Research Paper Volume 12, Issue 21 pp 21597—21612
Construction and validation of an immunity-related prognostic signature for breast cancer
- 1 Department of Clinical Pharmacology, Hunan Key Laboratory of Pharmacogenetics, and National Clinical Research Center for Geriatric Disorders, Xiangya Hospital, Central South University, Changsha 410008, P.R. China
- 2 Institute of Clinical Pharmacology, Engineering Research Center for Applied Technology of Pharmacogenomics of Ministry of Education, Central South University, Changsha 410078, P.R. China
- 3 Department of Nuclear Medicine, Key Laboratory of Biological Nanotechnology of National Health Commission, Xiangya Hospital, Central South University, Changsha 410008, P.R. China
Received: June 9, 2020 Accepted: August 8, 2020 Published: November 7, 2020
https://doi.org/10.18632/aging.103952How to Cite
Copyright: © 2020 Zhu et al. This is an open access article distributed under the terms of the Creative Commons Attribution License (CC BY 3.0), which permits unrestricted use, distribution, and reproduction in any medium, provided the original author and source are credited.
Abstract
Breast cancer is one of the most lethal malignancies among women, and understanding the effects of host immunity on disease progression offers the potential to improve immunotherapies against it. Here, we constructed an immunity-related gene (IRG)-based prognostic signature to stratify breast cancer patients and predict their survival. We identified differentially-expressed genes by analyzing the breast cancer transcriptome data from The Cancer Genome Atlas. Univariate Cox regression revealed 179 survival-correlated IRGs, 12 of which we used to construct an immunity-based prognostic signature that stratified breast cancer patients into high- and low-risk groups.

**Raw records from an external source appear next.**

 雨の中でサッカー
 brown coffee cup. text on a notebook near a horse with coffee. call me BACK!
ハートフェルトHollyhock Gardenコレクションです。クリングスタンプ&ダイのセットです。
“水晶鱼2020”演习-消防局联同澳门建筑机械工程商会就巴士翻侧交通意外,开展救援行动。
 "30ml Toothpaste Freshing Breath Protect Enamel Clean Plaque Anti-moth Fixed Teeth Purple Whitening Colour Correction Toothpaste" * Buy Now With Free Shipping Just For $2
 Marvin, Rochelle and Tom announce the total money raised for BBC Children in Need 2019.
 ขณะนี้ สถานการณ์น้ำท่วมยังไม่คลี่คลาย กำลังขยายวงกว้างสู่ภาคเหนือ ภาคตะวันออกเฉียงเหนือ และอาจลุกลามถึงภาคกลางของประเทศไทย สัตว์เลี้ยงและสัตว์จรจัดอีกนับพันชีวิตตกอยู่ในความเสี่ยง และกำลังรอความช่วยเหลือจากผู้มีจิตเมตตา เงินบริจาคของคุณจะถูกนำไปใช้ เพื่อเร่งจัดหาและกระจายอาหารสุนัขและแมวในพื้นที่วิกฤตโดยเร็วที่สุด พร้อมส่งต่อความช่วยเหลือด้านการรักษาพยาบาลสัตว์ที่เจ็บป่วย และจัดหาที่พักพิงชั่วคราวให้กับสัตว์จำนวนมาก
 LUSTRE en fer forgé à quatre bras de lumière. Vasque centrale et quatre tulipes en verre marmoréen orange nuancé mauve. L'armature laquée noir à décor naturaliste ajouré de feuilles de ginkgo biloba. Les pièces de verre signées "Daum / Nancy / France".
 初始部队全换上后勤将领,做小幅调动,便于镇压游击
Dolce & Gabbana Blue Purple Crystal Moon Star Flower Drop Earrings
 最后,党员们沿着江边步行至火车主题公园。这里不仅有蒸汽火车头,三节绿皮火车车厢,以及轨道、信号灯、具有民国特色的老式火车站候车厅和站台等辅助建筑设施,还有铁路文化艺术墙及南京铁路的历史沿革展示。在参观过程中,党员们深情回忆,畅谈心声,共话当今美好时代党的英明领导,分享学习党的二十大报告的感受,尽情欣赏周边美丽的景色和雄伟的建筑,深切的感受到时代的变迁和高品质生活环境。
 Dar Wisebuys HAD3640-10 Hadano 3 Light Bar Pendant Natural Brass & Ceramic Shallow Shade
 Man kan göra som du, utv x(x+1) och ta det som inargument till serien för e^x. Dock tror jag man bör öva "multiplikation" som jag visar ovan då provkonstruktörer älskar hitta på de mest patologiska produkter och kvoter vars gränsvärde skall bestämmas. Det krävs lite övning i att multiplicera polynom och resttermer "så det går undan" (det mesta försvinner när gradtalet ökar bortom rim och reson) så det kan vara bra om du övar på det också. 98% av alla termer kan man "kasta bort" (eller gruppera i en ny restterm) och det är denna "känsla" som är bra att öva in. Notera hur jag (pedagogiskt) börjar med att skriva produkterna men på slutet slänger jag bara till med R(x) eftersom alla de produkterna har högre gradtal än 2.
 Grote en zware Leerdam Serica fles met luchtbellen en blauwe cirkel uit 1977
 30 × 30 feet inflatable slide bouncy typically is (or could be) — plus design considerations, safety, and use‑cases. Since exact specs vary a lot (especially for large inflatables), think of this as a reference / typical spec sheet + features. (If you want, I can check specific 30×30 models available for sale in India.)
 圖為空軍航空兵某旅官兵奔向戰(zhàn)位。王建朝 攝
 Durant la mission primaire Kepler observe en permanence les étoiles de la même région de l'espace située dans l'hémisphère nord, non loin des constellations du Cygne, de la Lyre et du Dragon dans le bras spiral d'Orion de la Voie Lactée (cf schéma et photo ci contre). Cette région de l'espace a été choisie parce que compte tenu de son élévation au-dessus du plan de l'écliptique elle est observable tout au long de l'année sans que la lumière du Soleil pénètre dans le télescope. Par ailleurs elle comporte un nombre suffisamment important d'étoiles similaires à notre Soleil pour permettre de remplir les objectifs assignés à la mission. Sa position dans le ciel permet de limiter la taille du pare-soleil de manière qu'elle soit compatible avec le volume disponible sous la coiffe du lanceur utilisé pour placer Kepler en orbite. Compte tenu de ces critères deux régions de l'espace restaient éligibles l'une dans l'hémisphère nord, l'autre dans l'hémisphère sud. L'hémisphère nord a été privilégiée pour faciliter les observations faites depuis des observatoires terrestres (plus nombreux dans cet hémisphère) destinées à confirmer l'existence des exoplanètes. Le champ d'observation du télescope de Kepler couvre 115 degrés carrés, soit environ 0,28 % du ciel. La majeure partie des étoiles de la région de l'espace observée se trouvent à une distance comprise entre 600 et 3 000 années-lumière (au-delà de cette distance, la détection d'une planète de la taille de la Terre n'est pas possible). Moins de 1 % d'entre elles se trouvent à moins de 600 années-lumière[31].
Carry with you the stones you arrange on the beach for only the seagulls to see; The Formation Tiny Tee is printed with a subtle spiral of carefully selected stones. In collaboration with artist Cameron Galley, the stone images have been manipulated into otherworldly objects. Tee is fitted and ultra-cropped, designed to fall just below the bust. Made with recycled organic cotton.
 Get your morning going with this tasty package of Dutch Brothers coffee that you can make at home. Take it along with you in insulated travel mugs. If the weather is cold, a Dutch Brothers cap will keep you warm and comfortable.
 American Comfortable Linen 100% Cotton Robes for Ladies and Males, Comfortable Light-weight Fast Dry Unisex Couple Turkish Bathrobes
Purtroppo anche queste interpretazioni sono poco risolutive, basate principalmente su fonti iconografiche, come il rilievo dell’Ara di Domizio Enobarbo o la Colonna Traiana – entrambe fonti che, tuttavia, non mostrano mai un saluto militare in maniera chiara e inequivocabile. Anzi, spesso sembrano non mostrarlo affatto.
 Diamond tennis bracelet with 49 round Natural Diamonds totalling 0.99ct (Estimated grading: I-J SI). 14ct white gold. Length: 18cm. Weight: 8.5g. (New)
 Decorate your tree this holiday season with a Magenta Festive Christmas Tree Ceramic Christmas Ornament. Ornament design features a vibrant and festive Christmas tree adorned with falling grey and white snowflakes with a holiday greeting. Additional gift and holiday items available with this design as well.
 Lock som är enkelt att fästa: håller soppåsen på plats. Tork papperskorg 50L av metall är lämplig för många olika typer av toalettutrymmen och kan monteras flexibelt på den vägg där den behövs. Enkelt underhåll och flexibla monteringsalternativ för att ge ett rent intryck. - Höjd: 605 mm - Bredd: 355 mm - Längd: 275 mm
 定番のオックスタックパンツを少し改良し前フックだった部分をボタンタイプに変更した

The signature was an independent predictor for survival and was validated in an independent dataset. We also investigated the correlations between our prognostic signature and immune infiltrates and found that signature-derived risk scores correlated negatively with infiltration of B cells, CD4+ T cells, CD8+ T cells, neutrophils and dendritic cells. Our results show that the proposed prognostic signature reflects the tumor immune microenvironment, which makes it a potential indicator for survival that warrants further research to assess its clinical utility.